Saved data entries:
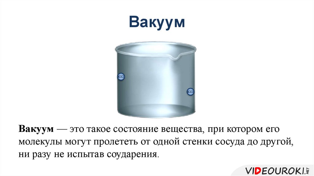 Вакуум — это такое состояние вещества, при котором егомолекулы могут пролететь от одной стенки сосуда до другой,
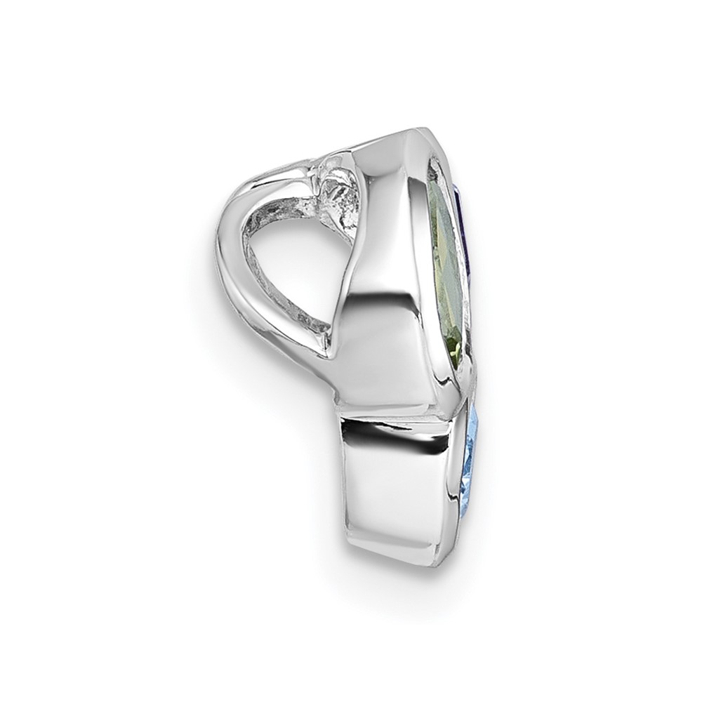 Sterling Silver Rhodium-plated Polished Pear Blue Topaz, Oval Peridot and Emerald-cut Amethyst Chain Slide Pendant
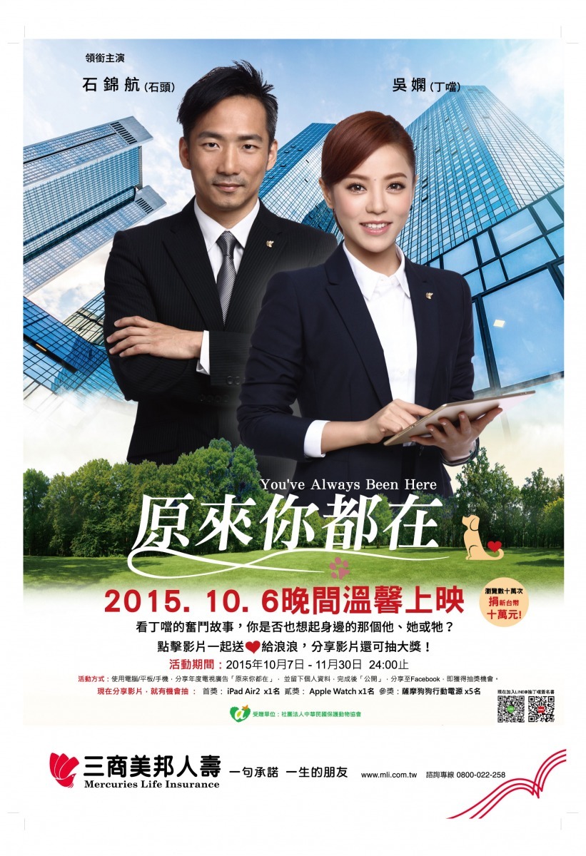 你最近曾在電視上留意過一個廣告,是藝人丁噹穿著套裝四處奔波的畫面嗎?這支由三商美邦策劃的「原來你都在」廣告,不僅有最近火紅的五月天成員「石頭」,更多了新面孔「丁噹」,而5分鐘的完整版還有超搶戲的浪浪們同台尬演技哩! 日前上網播映設定只要點擊達10萬人,三商美邦便會捐款給中華民國保護動物協會,沒想到在短短一天內就達標啦!
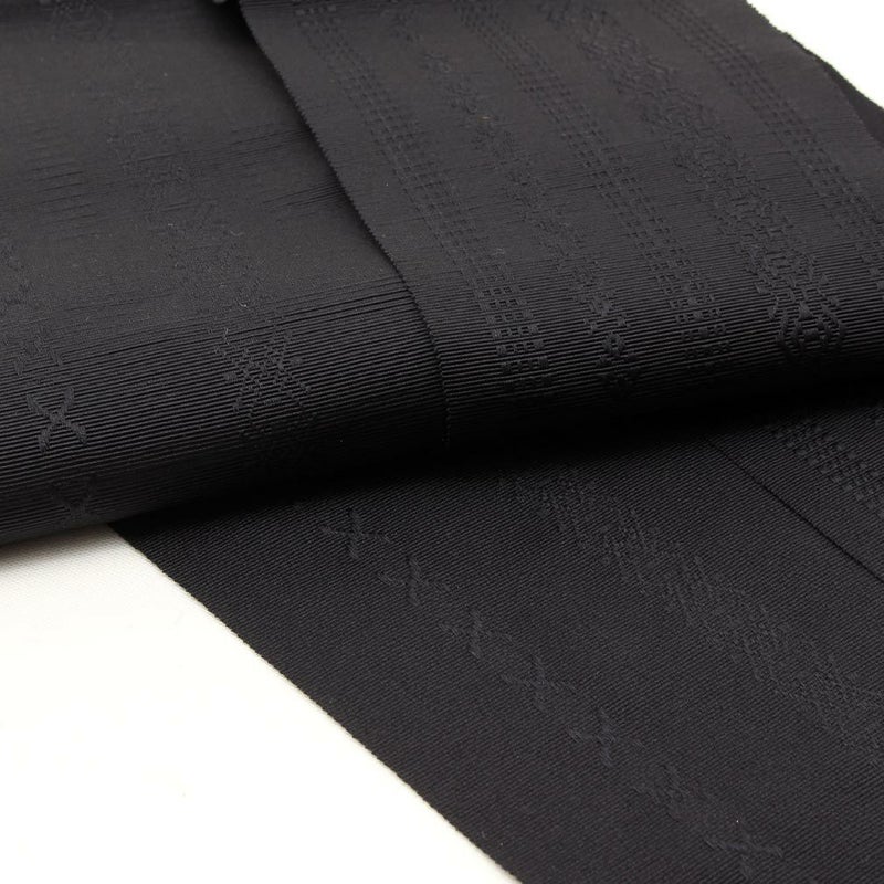 名古屋帯 夏 黒 九寸 帯 菊つなぎ 西陣織 佐々木染織 お仕立て上がり 六通柄 正絹
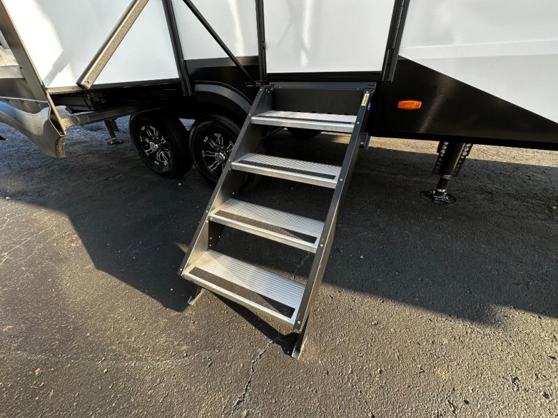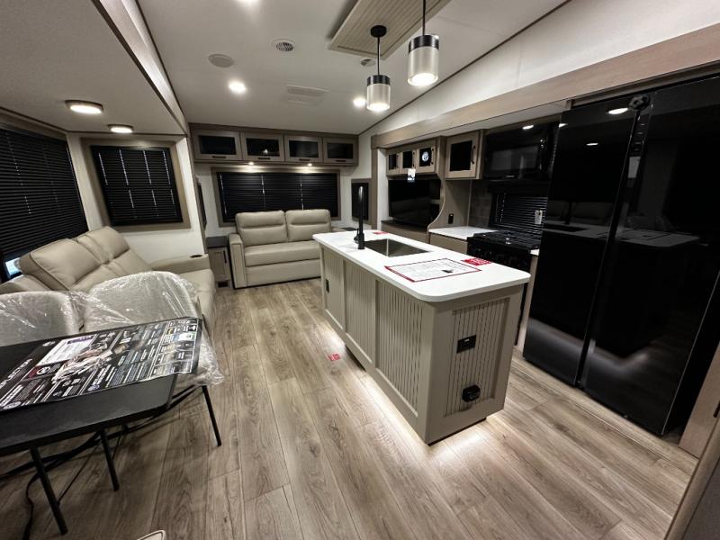The rear bunkhouse layout makes the 367BHS perfect for families or guests, offering multiple sleeping areas, privacy, and convenient storage solutions. The main living area features theater seating, a tri-fold sofa, and an entertainment center with a large TV, creating a welcoming space for relaxation, movie nights, or social gatherings. Large panoramic windows fill the interior with natural light, enhancing the open and airy feel while keeping you connected to the outdoors.
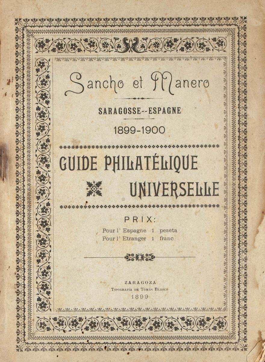 1899. GUIDE PHILATELIQUE UNIVERSELLE. Sancho et Manero. Zaragoza, 1899. (cubierta fatigada).
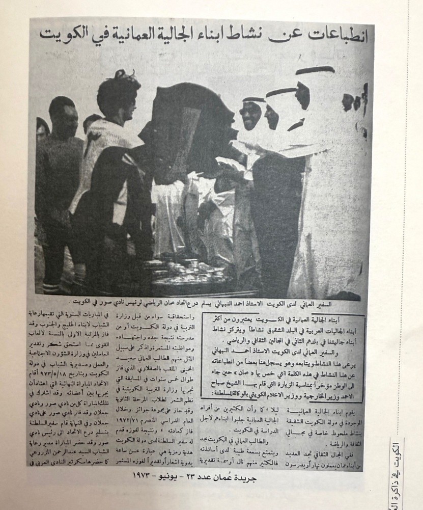 كما سلّط الباحث الضوء على ممارسة كرة القدم بين العُمانيين في الكويت، ودورها في تشكيل الوعي الرياضي الذي انتقل لاحقًا إلى سلطنة عُمان وأسهم في تأسيس الحركة الرياضية الحديثة.
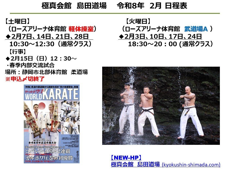 寒さが厳しい2月は、心と体を鍛える絶好の季節です。基本を丁寧に積み重ね、技の精度と体力の土台をしっかり作っていきましょう。
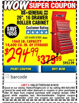 Last year I purchased one of the Harbor Freight units. They are an excellent value. If you are lucky you may find an open box unit in the store and save a little more if the manager has any leeway in lowering the price. If you could find a close out unit that is where you can really save some coin. They are selling a lot of tool boxes for a reason.
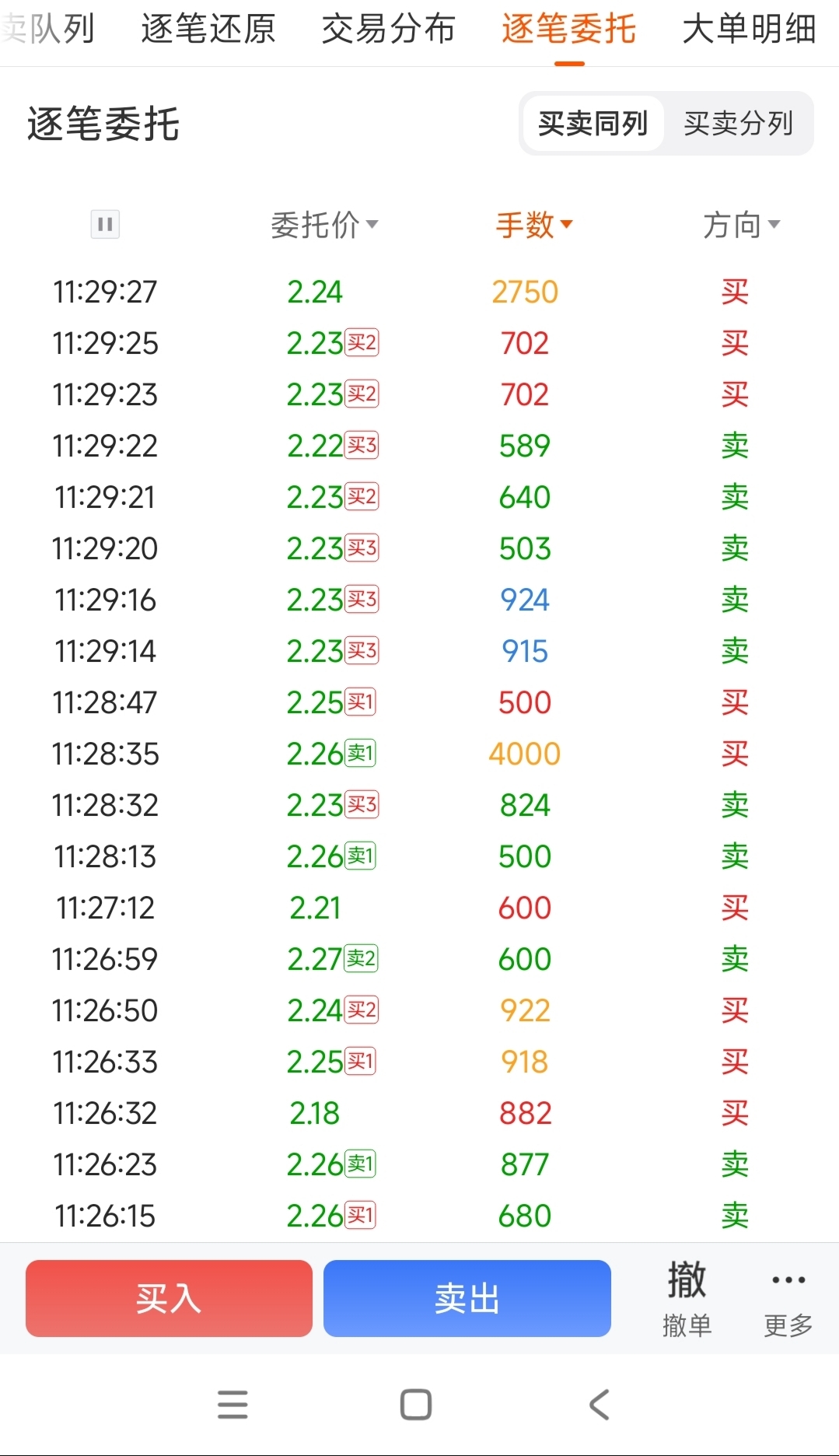 2.26以下买单少,主力拆小单挖坑

Work item>
Reproduce every line above exactly, pictures excluded.

Response area>
 Вакуум — это такое состояние вещества, при котором егомолекулы могут пролететь от одной стенки сосуда до другой,
 Sterling Silver Rhodium-plated Polished Pear Blue Topaz, Oval Peridot and Emerald-cut Amethyst Chain Slide Pendant
 你最近曾在電視上留意過一個廣告,是藝人丁噹穿著套裝四處奔波的畫面嗎?這支由三商美邦策劃的「原來你都在」廣告,不僅有最近火紅的五月天成員「石頭」,更多了新面孔「丁噹」,而5分鐘的完整版還有超搶戲的浪浪們同台尬演技哩! 日前上網播映設定只要點擊達10萬人,三商美邦便會捐款給中華民國保護動物協會,沒想到在短短一天內就達標啦!
 名古屋帯 夏 黒 九寸 帯 菊つなぎ 西陣織 佐々木染織 お仕立て上がり 六通柄 正絹
The rear bunkhouse layout makes the 367BHS perfect for families or guests, offering multiple sleeping areas, privacy, and convenient storage solutions. The main living area features theater seating, a tri-fold sofa, and an entertainment center with a large TV, creating a welcoming space for relaxation, movie nights, or social gatherings. Large panoramic windows fill the interior with natural light, enhancing the open and airy feel while keeping you connected to the outdoors.
 1899. GUIDE PHILATELIQUE UNIVERSELLE. Sancho et Manero. Zaragoza, 1899. (cubierta fatigada).
 كما سلّط الباحث الضوء على ممارسة كرة القدم بين العُمانيين في الكويت، ودورها في تشكيل الوعي الرياضي الذي انتقل لاحقًا إلى سلطنة عُمان وأسهم في تأسيس الحركة الرياضية الحديثة.
 寒さが厳しい2月は、心と体を鍛える絶好の季節です。基本を丁寧に積み重ね、技の精度と体力の土台をしっかり作っていきましょう。
 Last year I purchased one of the Harbor Freight units. They are an excellent value. If you are lucky you may find an open box unit in the store and save a little more if the manager has any leeway in lowering the price. If you could find a close out unit that is where you can really save some coin. They are selling a lot of tool boxes for a reason.
 2.26以下买单少,主力拆小单挖坑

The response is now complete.